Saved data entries

- - - - -

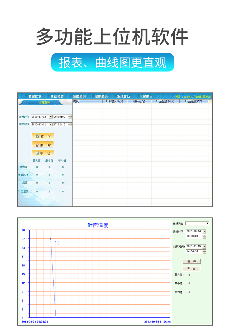| 快速無損植物活體檢測,不影響植物成長。 | 一次操作可同時測定所有參數(shù),實時顯示。 | 氮,葉綠素,葉溫三種參數(shù)同一屏幕同時顯示,且可同時儲存 | 歷史數(shù)據(jù)查看,即可順序查看。 | 測量數(shù)據(jù)可連接計算機將測量數(shù)據(jù)導出,便于植物養(yǎng)分的管理和分析。 | 歷史數(shù)據(jù)查看,即可順序查看,也可跳轉(zhuǎn)查看。 | 意外斷電后已保存在主機里的數(shù)據(jù)不丟失。 | 對于歷史數(shù)據(jù)可以一鍵式全部刪除。 | 可連接計算機將測量數(shù)據(jù)導出,便于植物養(yǎng)分的管理和分析。 | 使用鋰電池供電,帶背光功能。 | 每種參數(shù)的報表、曲線圖均可選擇時段查詢查看。 | 可將存儲記錄的數(shù)據(jù)以EXCEL格式備份保存,方便以后調(diào)用。 | 可將存儲記錄的數(shù)據(jù)曲線圖以BMP圖片格式備份保存,方便以后調(diào)用。 |
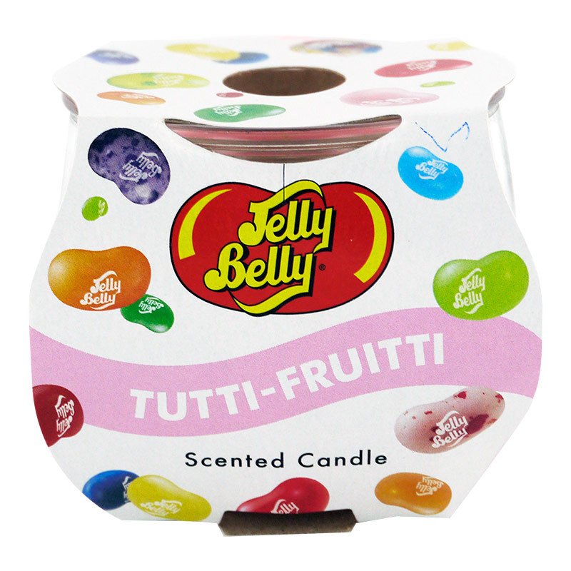 Jelly Belly - Tutti Frutti - neobvyklá americká svíčka - 85Gr Jelly Belly je esenciální vonná svíčka s originálními vůněmi po sladkých želatinových fazolkách. Tato svíčka má vůni Tutti Frutti (mix ovoce). Svíčka je sladká a přesto svěží a ovocná.Balení ve skle 85Gr - nenechávejte hořet bez dozoru
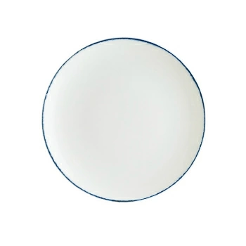 Тарелка Bonna Retro | Бонна Ретро Д=270 мм синий край. Bonna — профессиональный твердый фарфор. В коллекции Retro контрастные цветные линии, нарисованные вручную по краю, что делает ее идеальной для повседневного ужина, в то же время она достаточно изысканная, чтобы стать ярким акцентом. Фарфор Bonna отличается своей прочностью, устойчивостью к сколам и механическим воздействиям, что делает его идеальным для профессионального использования. Все изделия можно мыть в посудомоечной машине и использовать в СВЧ-печах.
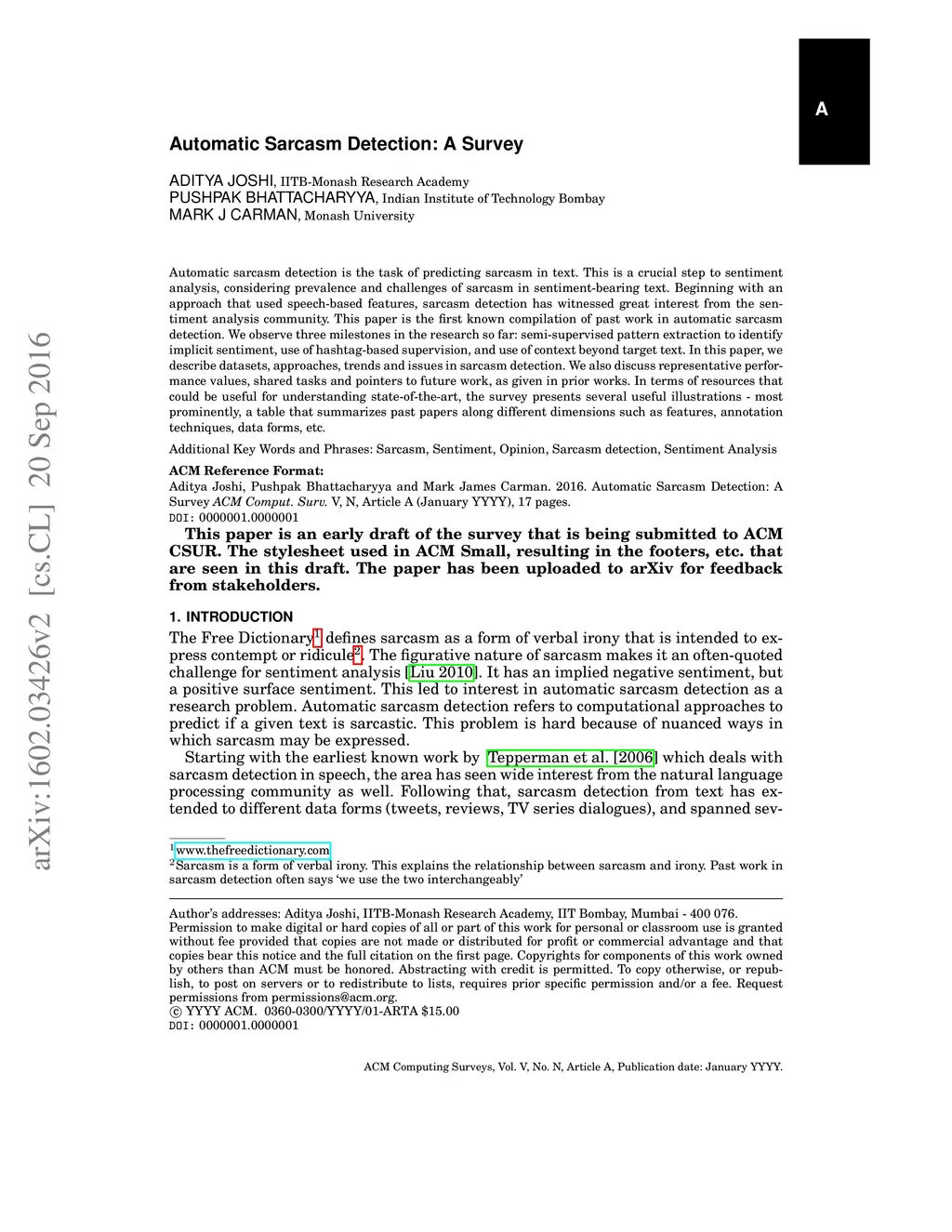 Automatic Sarcasm Detection: A Survey
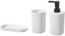 You get all functions you need for your wash-basin; toothbrush holder, soap dispenser and tray.
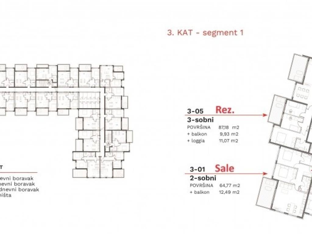 Description of the building: It consists of four entrances and a total of 122 apartments - of different layouts and square footage. The project offers a variety of studio, one-bedroom (+ living room), two-bedroom (+ living room) and three-bedroom (+ living room) apartments - vertically connected with elevators and stairs from the parking floor to the entrance to the apartments. Modern and comfortable apartments also have spacious balconies, loggias and/or terraces with a garden, which provide high quality housing in a unique location near all amenities.
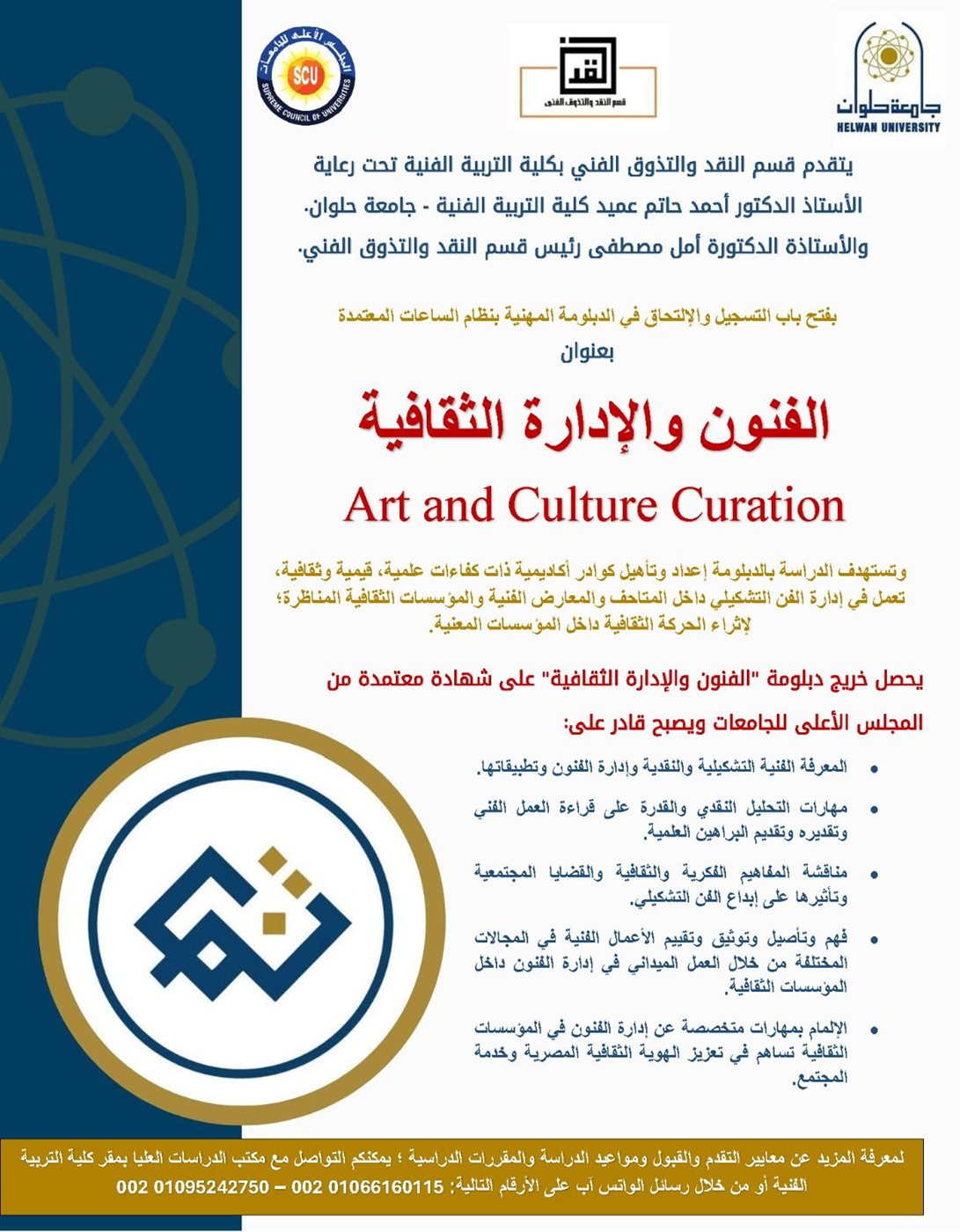 أعلن قسم النقد والتذوق الفني بكلية التربية الفنية بجامعة حلوان عن فتح باب التسجيل للدبلومة المهنية النوعية بعنوان "الفنون والإدارة الثقافية" للعام الأكاديمي الجديد، وذلك في إطار استراتيجية جامعة حلوان المتميزة لتطوير البرامج الأكاديمية المؤهلة لسوق العمل، تحت رعاية الدكتور السيد قنديل رئيس الجامعة.

- - - - -

Leave out the pictures, and write out exactly the lines from the line containing "Automatic Sarcasm Detection: A Survey" through the end of the records above.

 Automatic Sarcasm Detection: A Survey
 You get all functions you need for your wash-basin; toothbrush holder, soap dispenser and tray.
 Description of the building: It consists of four entrances and a total of 122 apartments - of different layouts and square footage. The project offers a variety of studio, one-bedroom (+ living room), two-bedroom (+ living room) and three-bedroom (+ living room) apartments - vertically connected with elevators and stairs from the parking floor to the entrance to the apartments. Modern and comfortable apartments also have spacious balconies, loggias and/or terraces with a garden, which provide high quality housing in a unique location near all amenities.
 أعلن قسم النقد والتذوق الفني بكلية التربية الفنية بجامعة حلوان عن فتح باب التسجيل للدبلومة المهنية النوعية بعنوان "الفنون والإدارة الثقافية" للعام الأكاديمي الجديد، وذلك في إطار استراتيجية جامعة حلوان المتميزة لتطوير البرامج الأكاديمية المؤهلة لسوق العمل، تحت رعاية الدكتور السيد قنديل رئيس الجامعة.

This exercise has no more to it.